In “Smart Data for Digital Humanities” (February 18, 2017) Marci Lei Zeng provides a useful model for thinking about how we collect data pertinent to our research. Zeng defines “smart data” as “the way in which different data sources (including Big Data) are brought together, correlated, analyzed, etc., to be able to feed decision-making and action processes.”
“Smart data” is one method through which we might think about how to transform the unstructured data—such as heritage materials into not only machine-readable but also machine-processable resources—that are crucial to academic disciplines.
There are several different data collecting capabilities currently at our disposal. Researchers can locate data from already existing sources and databases. One important reason to look for compilations or sets of research data would be to cut down on the amount of labor in a given project. Using already compiled data, researchers can also extend previous studies over time, geography, or other parameters by combining multiple data sets and even locate individual facts or pieces of information that may be contained in a dataset.

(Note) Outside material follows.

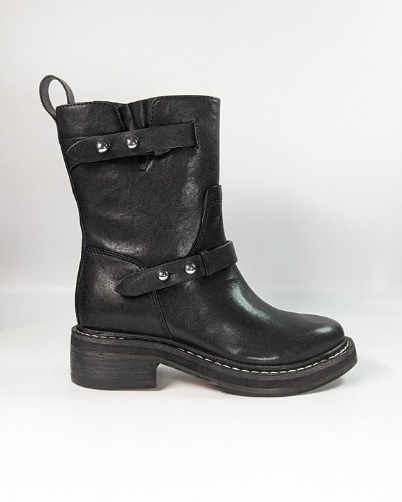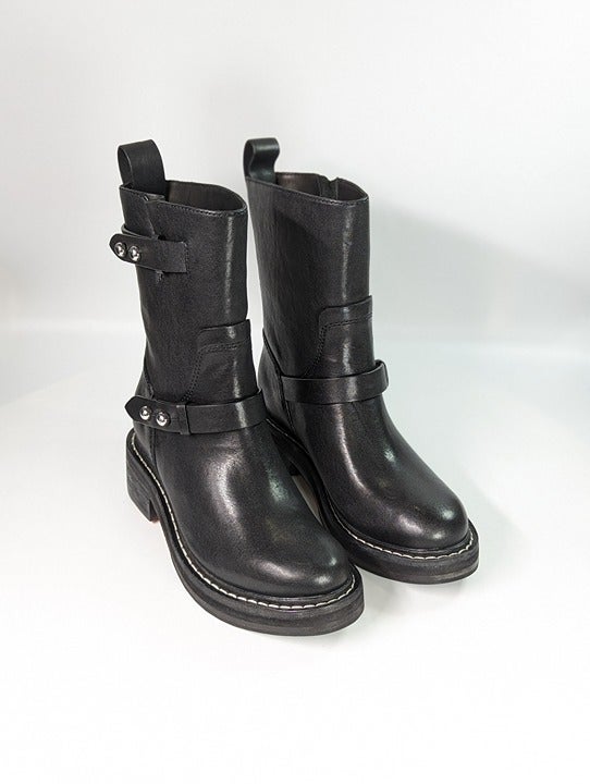 Rag & Bone Women's RB Moto Studded Pull On Boots Black Leather Size 6.5 US

For instance, in the class Dr. Kenton Rambsy teaches on the rapper, Jay-Z, students use the crowdsourced annotation site Genius to download Jay-Z lyrics to make a dataset about his word usage. Also, students scrape information about his music videos to compile information about his video directors from Wikipedia. Even though these datasets do not offer insight into every facet of Jay-Z’s career, this information is very helpful when answering focused research questions about particular topics. We should begin to think about the possibilities when we join disparate data sources together for specific research questions and projects. Ultimately, we must get creative about the ways in which we locate and create data sources.

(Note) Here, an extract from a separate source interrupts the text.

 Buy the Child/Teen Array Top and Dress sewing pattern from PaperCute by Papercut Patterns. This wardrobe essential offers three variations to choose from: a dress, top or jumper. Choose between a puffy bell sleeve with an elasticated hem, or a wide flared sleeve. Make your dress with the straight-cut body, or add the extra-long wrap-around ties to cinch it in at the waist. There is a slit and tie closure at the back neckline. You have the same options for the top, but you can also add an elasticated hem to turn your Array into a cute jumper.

To locate and/or construct a usable data source, we might consider:
- using Voyant Tools to transform texts into quantitative data.

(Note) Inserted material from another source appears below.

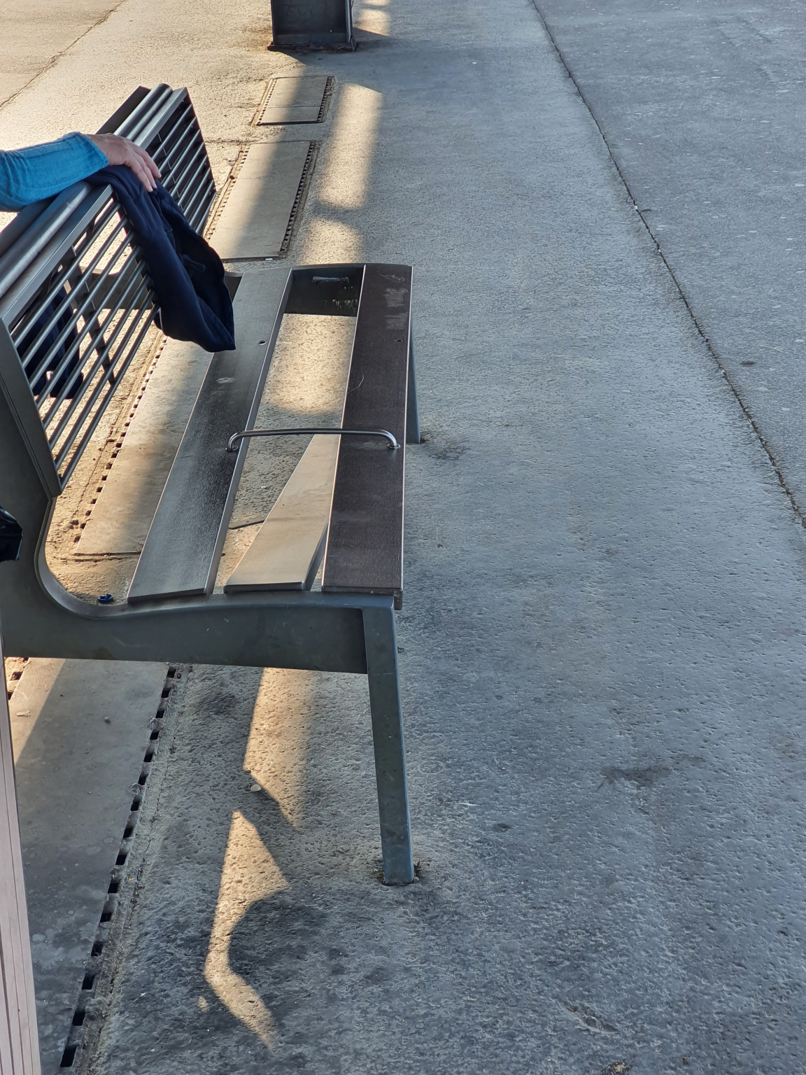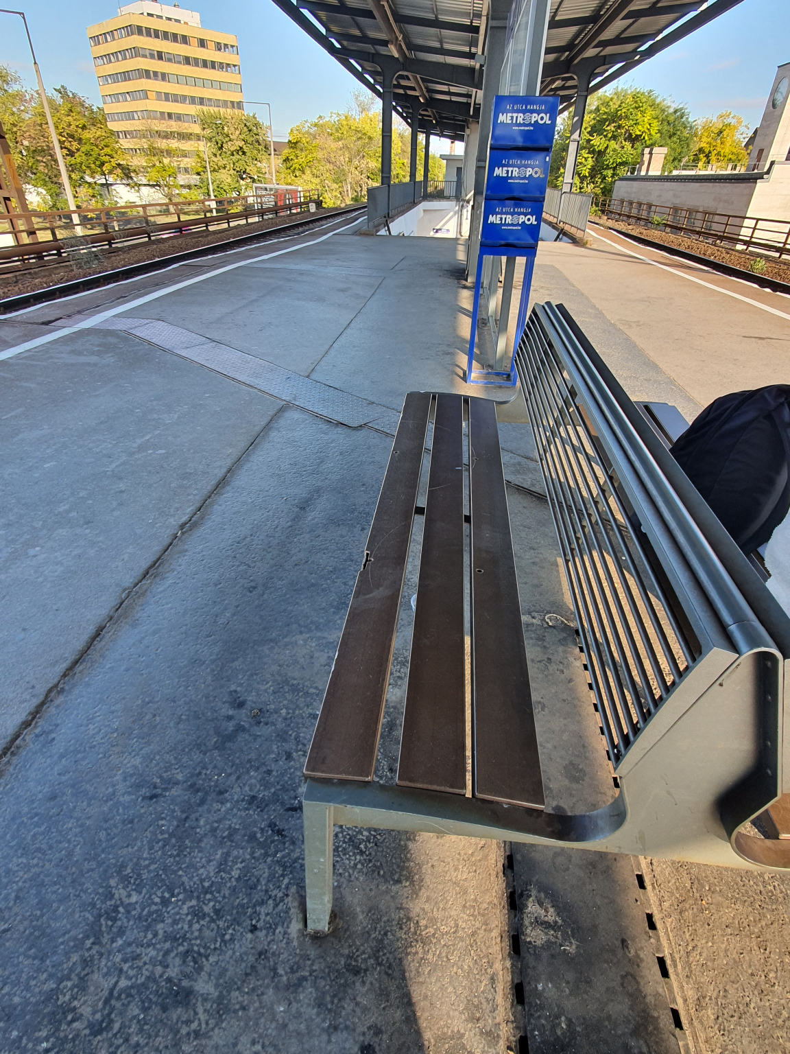 Leszakadt és lyukas padok Kőbánya-alsó vasútállomáson. Valószínűleg ellopták a fém elválasztólat, ezzel megrongálva a padokat.

- reading several documents using Topic Modeling Tool.
- using a simple formula to scrape data from Wikipedia using Google Sheets.
- using an API to get information from Twitter.
We can even develop much more sophisticated skills and using a coding language such as Python to collect a lot more information. Before coming up with custom datasets, think smarter and not harder.
Below, we have compiled a list of publicly available datasets. These datasets could be potentially edited or combined with already existing information to answer a range of research questions.
Accessible data
Data.gov – https://www.data.gov/
- Data.gov is the central clearinghouse for open data from the United States federal government and also provides access to many local government and non-federal open data resources.
Fatal Encounters – https://fatalencounters.org
- Hi, my name is D. Brian Burghart. I’m a lifelong, award-winning journalist. I’ve created this page because I believe in a democracy, citizens should be able to figure out how many people are killed during interactions with law enforcement, why they were killed, and whether training and policies can be modified to decrease the number of officer-involved deaths.
Kaggle Open Datasets – https://www.kaggle.com/datasets
- Kaggle allows users to find and publish data sets, explore and build models in a web-based data-science environment, work with other data scientists and machine learning engineers, and enter competitions to solve data science challenges
Mapping Police Violence – https://mappingpoliceviolence.org
- This information has been meticulously sourced from official police use of force data collection programs in states like California, Texas and Virginia, combined with nationwide data from the Fatal Encounters database, an impartial crowdsourced database on police killings. We’ve also done extensive original research to further improve the quality and completeness of the data; searching social media, obituaries, criminal records databases, police reports and other sources to identify the race of 90 percent of all victims in the database.
MIT Election Lab – https://electionlab.mit.edu/
- Our mission is to advance and disseminate scientific knowledge about the conduct of elections, primarily in the United States, but with attention to the rest of the world.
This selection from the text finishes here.